Boily v. Carleton Condominium Corporation No. 145 (Ontario Court of Appeal)

12/01/15 – Jurisdiction Ontario
Part 48 published on 01/11/14
Condominium directors found in contempt; but Court of Appeal reduces penalty and costs

Former directors of the condominium corporation were found to have acted in contempt of a previous Court order.  In particular, the directors had not arranged for reversal of certain changes made to the property, as ordered by the Court, and as a result were found in contempt.  The directors were also ordered to personally pay for reinstatement of the common elements, and for all of the costs of the applicant owners. [See Condo Cases Across Canada, Part 42, May 2013.]

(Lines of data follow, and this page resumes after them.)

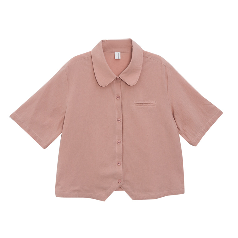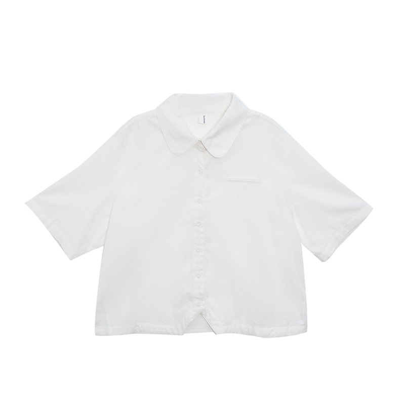 Huangzheng 오리지널 순면 반팔 셔츠 여성 디자인 2025 봄 여름 신작 일본 문학 카디건 라펠 셔츠스토어 가기
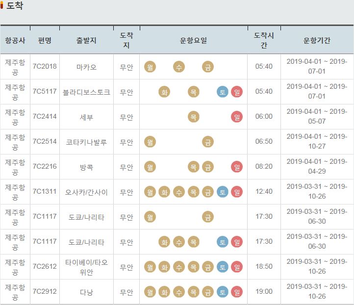 7C1114 / 무안 / 도쿄 나리타 / 월 금 / 11:00 / 2019-03-31 ~ 2019-06-30
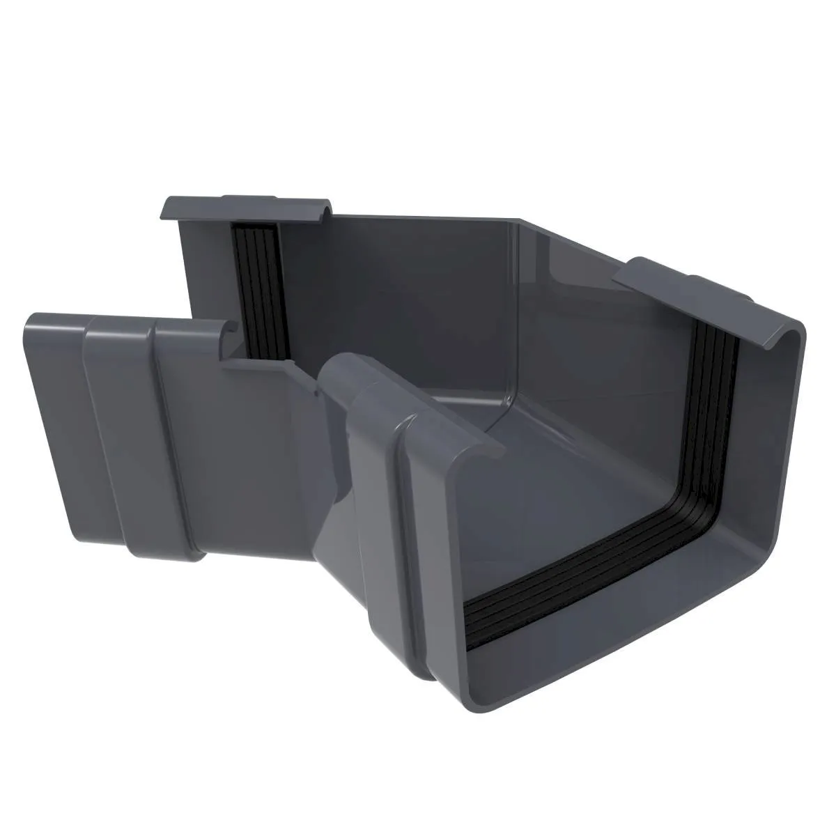 Угол квадратного желоба универсальный 135°. Для плотного соединения квадратных желобов под углом 135 градусов. Универсален: можно использовать во внутренних и внешних углах кровли.Материал: ПВХ
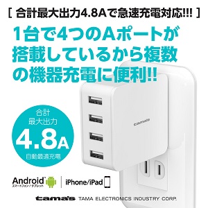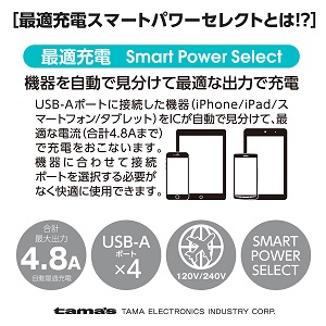 USB-Aポートに接続した機器をICが自動で見分けて 最適な電流(合計4.8Aまで)で充電!
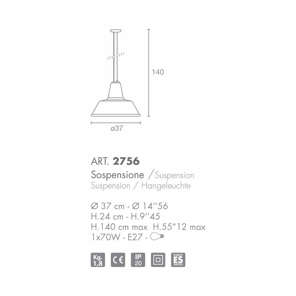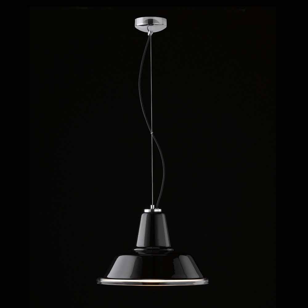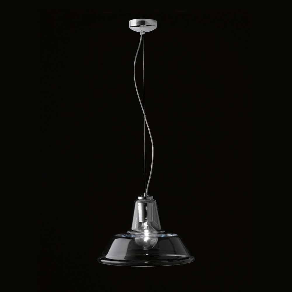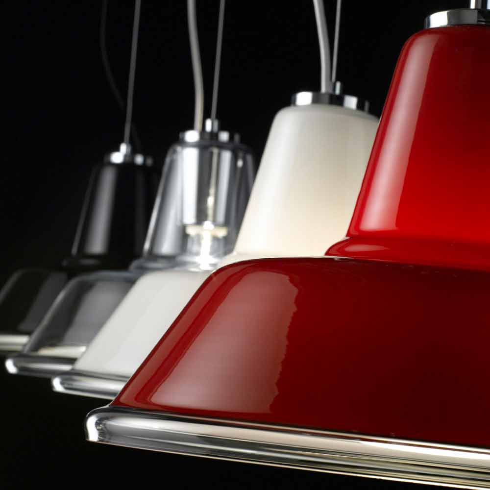 Pendant lamp with a recognisable industrial design but created by a special blown glass diffuser. The finishes available are: transparent, white, black or red, with chrome or copper frame.
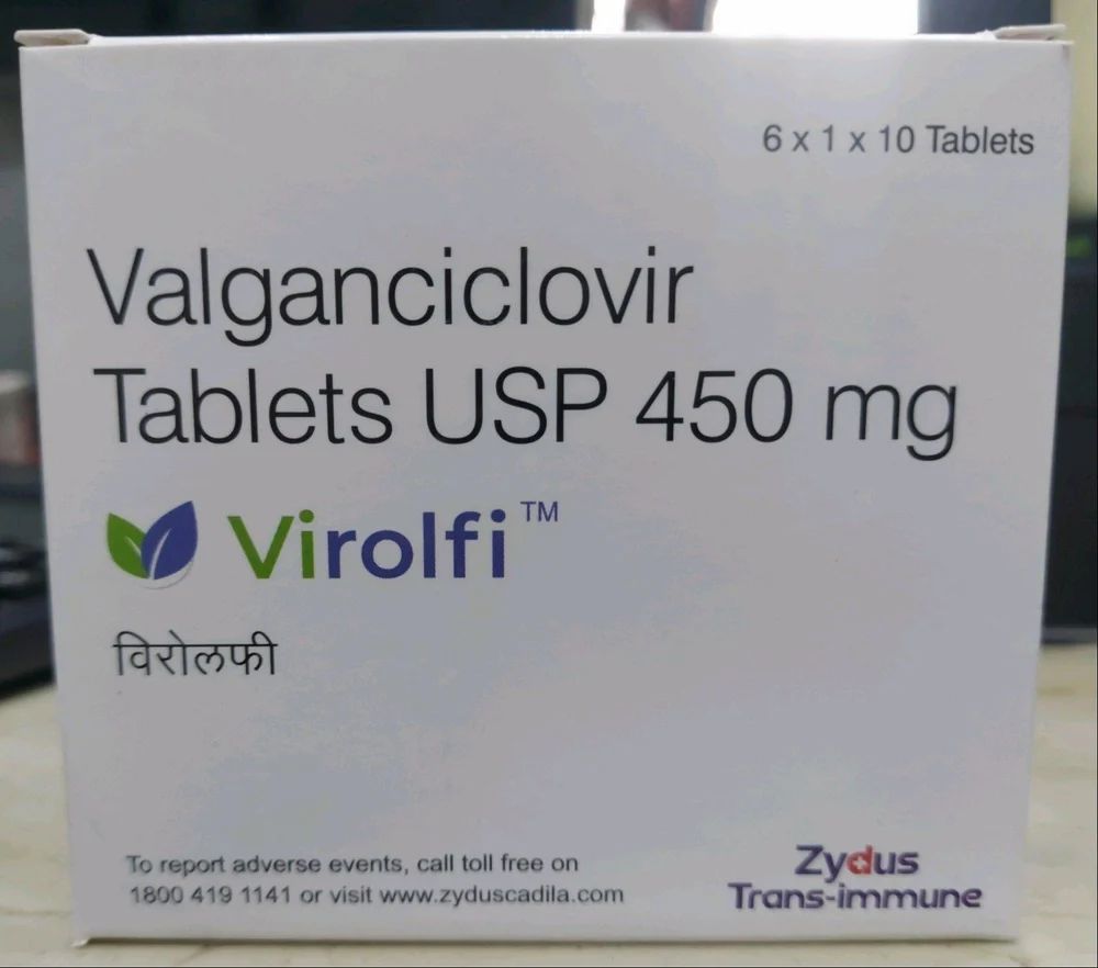 Virolfi 450mg Tablet is used to treat cytomegalovirus (CMV) infection of the retina (retinitis) in adult patients with acquired immunodeficiency syndrome (AIDS). It is also used for the prevention of CMV infection in patients who have received an organ transplant from a CMV-infected donor.

The Directors appealed.  In a split decision, the appeal was allowed in part.  [The dissenting panel member would have allowed the appeal in full, and accordingly would have set aside the contempt order.]

 

The majority of the Court of Appeal upheld the lower Court’s finding of contempt, but significantly reduced the penalty imposed.  The Court also revised the lower Court’s cost award.  [The cost award was reduced to $35,000, to be shared equally by the four directors and the condominium corporation (one fifth each).]

 

The majority’s decision included the following:

 

Any contempt is serious.  This is no exception.  However, in my view, the Individual Appellants’ contemptuous conduct must be considered in light of the fact that there is no evidence that it was motivated by personal gain, vengeance or any reason other than that they felt they knew best.

 

 

The Individual Appellants are volunteer Board members of a not-for-profit corporation.  It is clear that the penalty imposed in response to conduct that defies the authority of the court must be sufficient to deter those involved and other similarly situated individuals from like conduct.  However, in the condominium context, the penalty should not be so onerous that it deters unit owners from serving on condominium boards.  Owners who voluntarily assume the often onerous and thankless duties as directors of condominium corporations are essential to the functioning of a growing residential population – those who live in condominiums.

 

 

This is a particularly unfortunate case.  I say this because if the Appellants had sought legal advice at the first sign of a dispute, needless consumption of time and money and needless acrimony could have been avoided.  Certainly, the use of the blunt instrument of contempt would not have been necessary.

 

The Individual Appellants, well-intentioned as they were, made the mistake not only of failing to retain counsel until it was too late but also of over-stepping their bounds.  They appeared not to appreciate that in doing so they breached their obligations to act in the best interests of CCC 145.

 

…        

           

I would allow, in part, the appeal as to penalty.  I would not interfere with the order that Podium be restored to the Original Design but would set aside the order that the Individual Appellants pay the costs of the restoration and replace it with an order that each Individual Appellant pay a fine in the amount of $7,500 to the credit of CCC 145.